His mouth finds mine again, and I stop arguing.

The pasta is long finished by the time we end up tangled together on his couch, plates abandoned on the coffee table and some documentary about wildfires playing on mute in the background. My head rests on his chest, his heartbeat steady under my ear.

"I talked to Captain Vasquez today," Aiden says, his voice rumbling through his chest. "About my promotion review."

I lift my head to look at him. "And?"

"She thinks I'm a strong candidate. The community engagement numbers are good, the training certifications help, and apparently catching an arsonist with my girlfriend is considered 'exemplary interdepartmental cooperation.'"

"Your girlfriend helped catch the arsonist. You mostly stood around looking supportive."

"I tackled him on a fire escape."

"One tackle."

"It was a very important tackle. Load-bearing, even. The whole arrest hinged on that tackle."

"Now you're just making things up."

"I'm embellishing for dramatic effect. There's a difference."

His hand traces lazy patterns on my back. "Vasquez also said Wade's been reassigned. Something about 'attitude issues' and 'failure to support department initiatives.'"

"Couldn't have happened to a nicer guy."

"Riley Pritchard, that was almost petty."

"I contain multitudes."

"That's my line."

"I'm appropriating it."

"Fair enough."

The documentary shows a hillside in flames, firefighters silhouetted against the blaze like figures from mythology. I watch it without really seeing, my mind drifting to the case files in my bag, the forms waiting on my desk, the trial that's still months away.

"Hey." Aiden's voice pulls me back. "Where'd you go?"

"Nowhere. Just thinking."

"About?"

The instinct to deflect is automatic. Keep the heavy stuff inside, process alone, don't make it anyone else's problem.

But Aiden's hand is warm on my back, and his heart beats slow and calm under my ear, and somewhere along the way, I've started trusting him with things I don't trust anyone else with.
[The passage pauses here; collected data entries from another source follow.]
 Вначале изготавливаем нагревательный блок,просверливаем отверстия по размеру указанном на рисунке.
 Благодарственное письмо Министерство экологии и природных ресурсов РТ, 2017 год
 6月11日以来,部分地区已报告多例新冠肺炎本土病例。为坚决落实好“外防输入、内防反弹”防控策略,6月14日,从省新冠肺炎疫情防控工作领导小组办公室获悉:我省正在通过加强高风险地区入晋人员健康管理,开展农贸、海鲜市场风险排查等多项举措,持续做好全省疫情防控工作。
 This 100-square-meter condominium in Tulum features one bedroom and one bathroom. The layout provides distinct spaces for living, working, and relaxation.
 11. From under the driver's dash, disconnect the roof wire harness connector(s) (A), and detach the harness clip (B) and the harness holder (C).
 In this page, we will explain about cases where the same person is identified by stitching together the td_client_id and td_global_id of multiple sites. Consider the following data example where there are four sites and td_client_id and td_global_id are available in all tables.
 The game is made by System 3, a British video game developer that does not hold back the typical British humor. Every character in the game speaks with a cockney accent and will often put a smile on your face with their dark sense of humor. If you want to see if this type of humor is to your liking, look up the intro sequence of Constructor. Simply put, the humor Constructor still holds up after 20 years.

"My dad used to say that the job never really ends," I say slowly. "That even when you close a case, there's always another one waiting. Another fire, another investigation, another puzzle to solve."

"Sounds exhausting."

"It was, for him. He loved the work, but it consumed him. He was always thinking about the next case, the one he couldn't solve, the evidence that didn't add up." I take a breath. "I always thought I'd end up the same way. Married to the job, nothing else."

"And now?"

"Now I'm lying on a couch with a firefighter who makes me pasta and reads my incident command books." I prop my chin on his chest. "It's not what I expected."

"Good unexpected or bad unexpected?"

"Good." The word comes easier than it would have a month ago. "Really good."
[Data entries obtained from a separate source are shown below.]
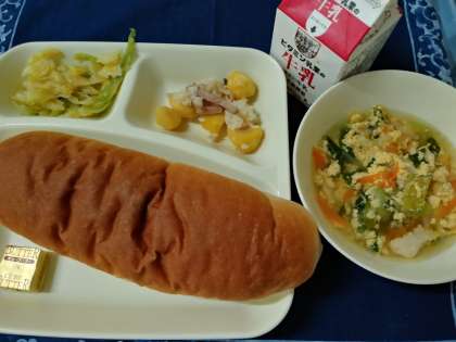 今日の給食は「中華おこわ、卵スープ、キャベツのオイスターソース炒め、コッペパン、バター、牛乳でした。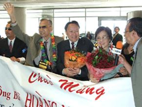 Tội phạm phản tỉnh Hoàng Minh Chính [đưa tay chào] được Bác sĩ Nguyễn Xuân Ngải [bên cạnh, ở giữa] đón tiếp tại phi trường San Francisco lúc 5:25 giờ chiều ngày Thứ Ba 30-8-2005.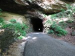 Nada Tunnel is a 900′ long 12’x12′ tunnel carved through a ridge in 1910 to provide access to the gorge by a logging railroad. It’s now used for automobile traffic on KY-77 (one direction at a time) and is rather eerie to drive through. Not only did I feel pretty closed-in, but the walls seemed to eat every photon from the headlights. I wonder what it’s like to drive through at night.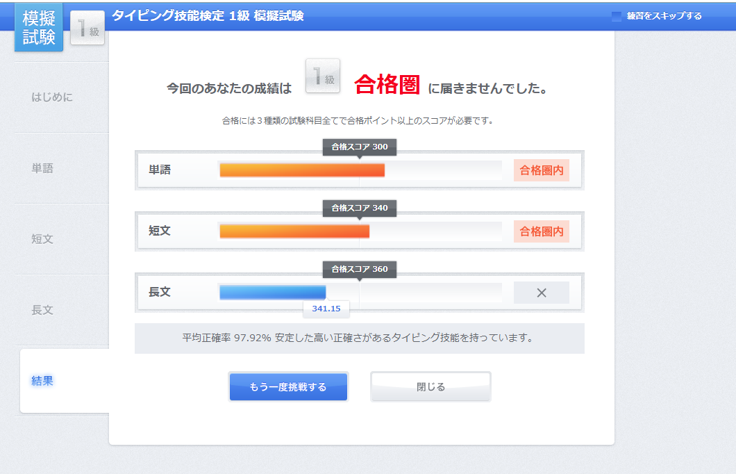 今の腕前で一級の模擬試験を受けてみた感じはこんな感じです。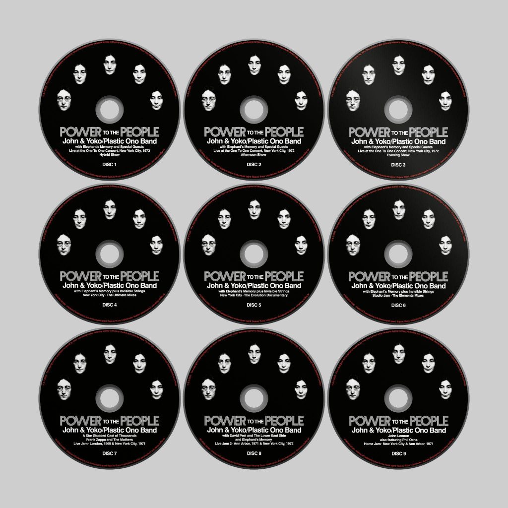 『パワー・トゥ・ザ・ピープル』のデラックス・エディションは、9枚のCDと3枚のブルーレイ・オーディオで構成。それらは銀箔を使用したタイトル部分と、ジョンとヨーコの顔が重なり合ってダイナミックな3D効果を生むレンチキュラー・プリントのカヴァーが特徴的な10インチの特注スリップケースに収納される。また、パッケージのロゴとカヴァーのデザインはリズ・ハーシュが担当した。各ディスクはジョンとヨーコそれぞれの肖像をあしらった2つの見開き式スリーヴに収納され、それらのスリーヴは”POWER TO THE PEOPLE”のロゴがプリントされた頑丈な透明の筒形スリーヴケースに収められる。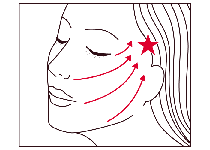 化粧水等でお肌を整えた後、気になるフェイスライン・ほうれい線・小鼻の横・目尻から、こめかみ(★部分)に向かって、ほおを引き上げるように、マッサージしながら塗ります。

His smile is soft, private—the one that's just for me. "I'm glad."

"Don't get cocky."

"Too late for that." He wiggles his hips suggestively.
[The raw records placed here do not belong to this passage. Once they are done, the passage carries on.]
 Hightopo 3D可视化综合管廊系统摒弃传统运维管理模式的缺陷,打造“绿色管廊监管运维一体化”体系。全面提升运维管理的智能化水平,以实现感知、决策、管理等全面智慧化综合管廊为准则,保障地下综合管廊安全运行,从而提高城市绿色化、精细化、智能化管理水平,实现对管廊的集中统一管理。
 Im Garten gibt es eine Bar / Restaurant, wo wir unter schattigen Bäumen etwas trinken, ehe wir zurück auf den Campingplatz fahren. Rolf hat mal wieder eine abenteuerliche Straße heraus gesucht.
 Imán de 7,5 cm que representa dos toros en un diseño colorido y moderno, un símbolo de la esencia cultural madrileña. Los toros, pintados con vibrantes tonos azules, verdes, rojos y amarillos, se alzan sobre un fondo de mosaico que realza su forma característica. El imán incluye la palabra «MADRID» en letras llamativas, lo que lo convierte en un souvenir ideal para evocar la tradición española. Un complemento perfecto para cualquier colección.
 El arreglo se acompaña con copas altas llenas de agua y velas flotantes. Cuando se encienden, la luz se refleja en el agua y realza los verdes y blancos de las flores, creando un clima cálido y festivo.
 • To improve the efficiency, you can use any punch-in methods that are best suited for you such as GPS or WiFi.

"Aiden Gentry, stop that."

"You love it."

"I tolerate it."

"Same thing."

I settle back against his chest, letting the tension of the past week finally drain away. The wildfire documentary plays on in silence, and outside the windows, Copper Ridge glitters in the darkness like always.

My father was right—the job never really ends. There will always be another case, another fire, another puzzle demanding to be solved.

But for the first time in my career, that doesn't feel like a burden.

It feels like purpose. A calling I can carry alongside everything else I'm building—this relationship, this partnership, this unexpected life that started with a viral video and a fake romance and turned into something more real than anything I've ever known.

Aiden's breathing evens out beneath me, slipping toward sleep. I close my eyes and let myself follow.

Tomorrow there will be forms and meetings and the endless machinery of justice grinding forward. But tonight, there's just this: warmth, quiet, the rhythm of another heartbeat syncing with mine.

My father taught me to follow the evidence wherever it leads. I've built a career on that principle.

And every piece of evidence—every touch, every conversation, every moment Aiden shows up without being asked—points to one undeniable conclusion: this is worth keeping.